As prisões surgiram como forma de aprisionar indivíduos enquanto estes aguardavam suas penas. O cárcere era local de custódia para aqueles que seriam submetidos ao suplicio moral e físico, comum à época. A natureza e a finalidade destas instituições foram modificadas a partir do século XVIII quando então as prisões tornaram-se a essência do modelo punitivo, assumindo um caráter de estabelecimento público de privação de liberdade. As práticas, na teoria, não tinham mais o intuito de trazer justiça ao particular, cujo teve seus direitos lesados, assim ‘’o direito de punir deslocou-se da vingança do soberano à defesa da sociedade"17.

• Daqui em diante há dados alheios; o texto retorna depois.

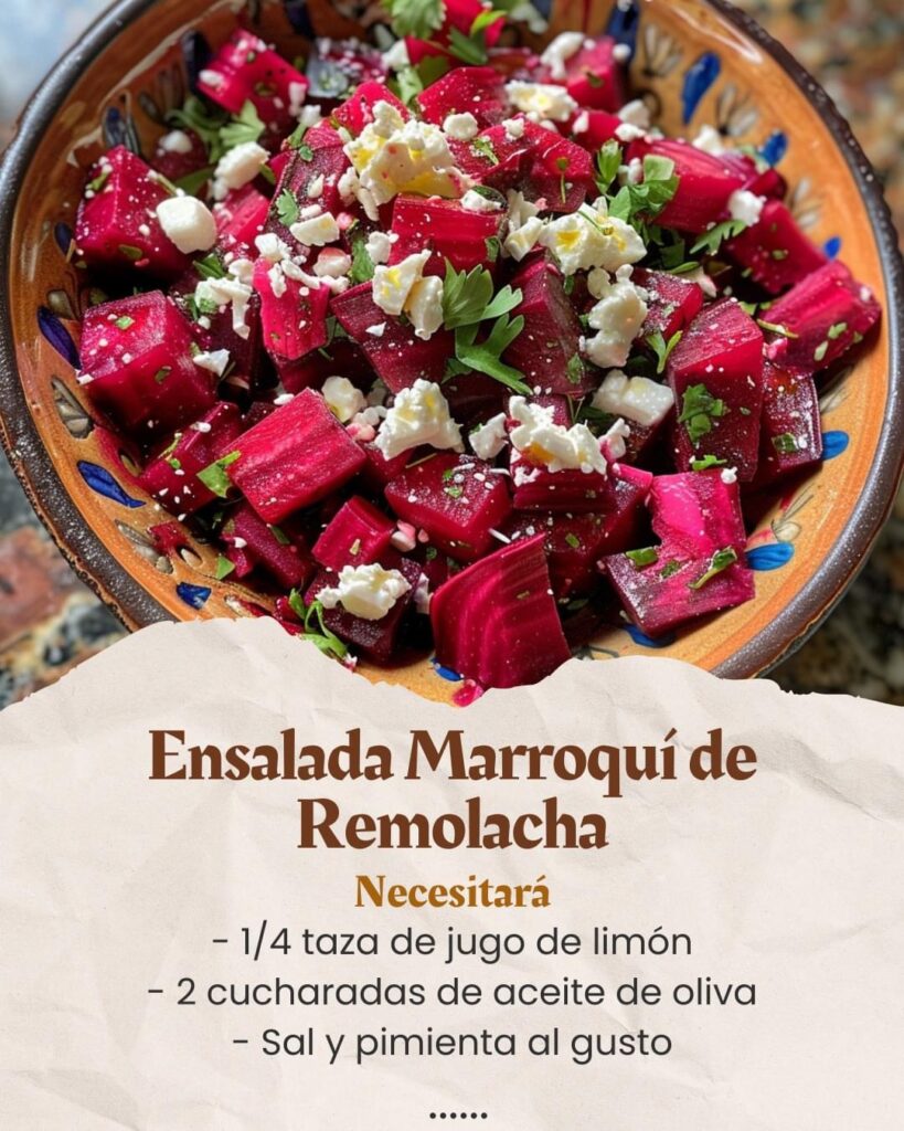 La Ensalada Exótica de Remolacha al Estilo Marroquí es una receta fácil y versátil que aporta una explosión de sabores y colores a tu mesa. Con ingredientes frescos y nutritivos, es una excelente opción tanto para comidas cotidianas como para ocasiones especiales. ¡Prueba esta receta y disfruta de los beneficios de una alimentación saludable y deliciosa!

Os EUA foram os responsáveis pela criação das penitenciárias com a finalidade única de aprisionamento, em detrimento de castigos corporais, empregados pelos colonizadores ingleses. No período após a Guerra Civil americana, que possuiu contornos econômicos e sociais, a escravidão foi declarada ilegal em todo o território americano. A 13ª Emenda da Constituição Norte-Americana, responsável pela emancipação dos negros, teve papel crucial na construção do sistema prisional moderno.

Ocorre que as elites brancas continuaram desempenhando seu papel de supremacia perante os negros muito despois do banimento da escravidão, de forma que na época era corriqueiro ocorrerem linchamentos e perseguições, assim como assassinatos dessa população

15 DAVIS, Angela. Ibidem. pag. 09. 16 DAVIS, Angela. Ibidem. pag. 20.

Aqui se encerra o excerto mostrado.